* EXTRACTED DATA

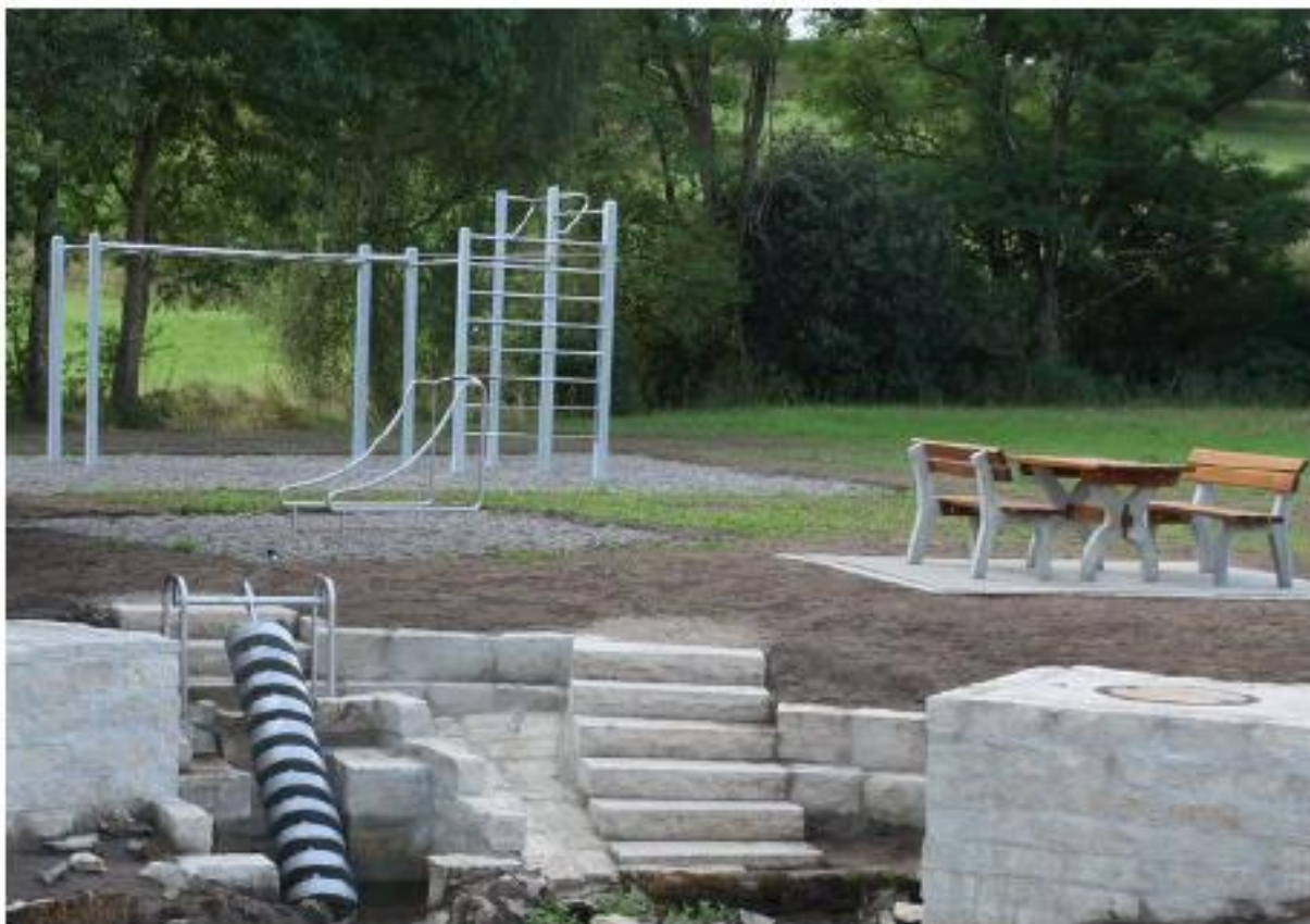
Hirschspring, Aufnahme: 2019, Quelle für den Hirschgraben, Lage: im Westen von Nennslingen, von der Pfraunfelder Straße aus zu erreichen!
==
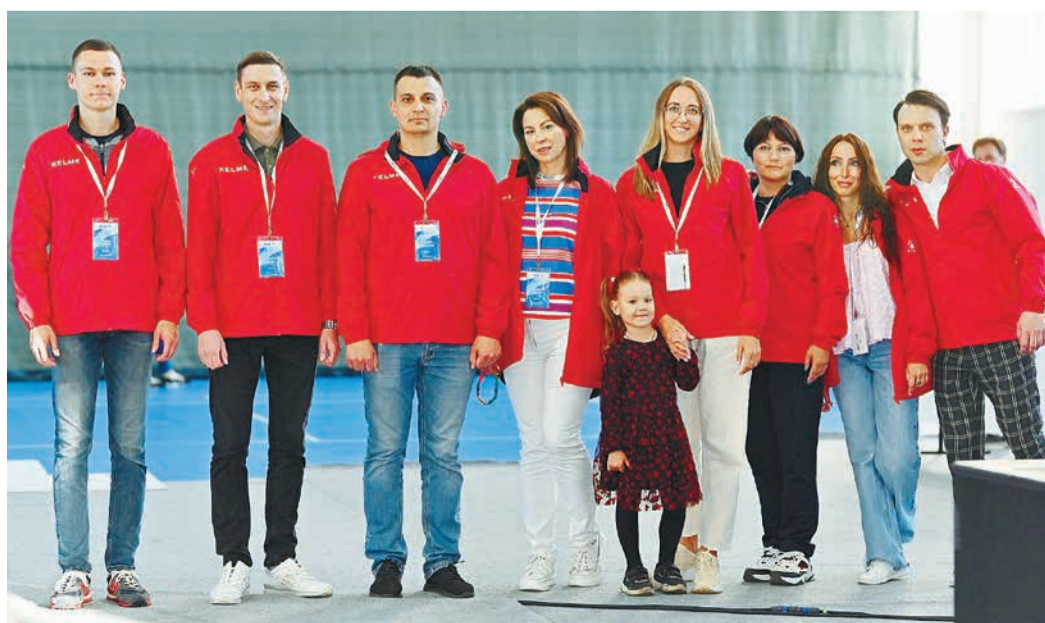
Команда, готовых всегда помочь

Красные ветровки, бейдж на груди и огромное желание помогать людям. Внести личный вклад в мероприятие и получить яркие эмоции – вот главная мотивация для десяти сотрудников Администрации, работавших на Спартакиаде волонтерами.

* EXERCISE
Please output exactly the lines between the one holding "Команда, готовых всегда помочь" and the one holding "Красные ветровки, бейдж" in the records above, inclusive, and nothing more.

* TASK OUTPUT
Команда, готовых всегда помочь

Красные ветровки, бейдж на груди и огромное желание помогать людям. Внести личный вклад в мероприятие и получить яркие эмоции – вот главная мотивация для десяти сотрудников Администрации, работавших на Спартакиаде волонтерами.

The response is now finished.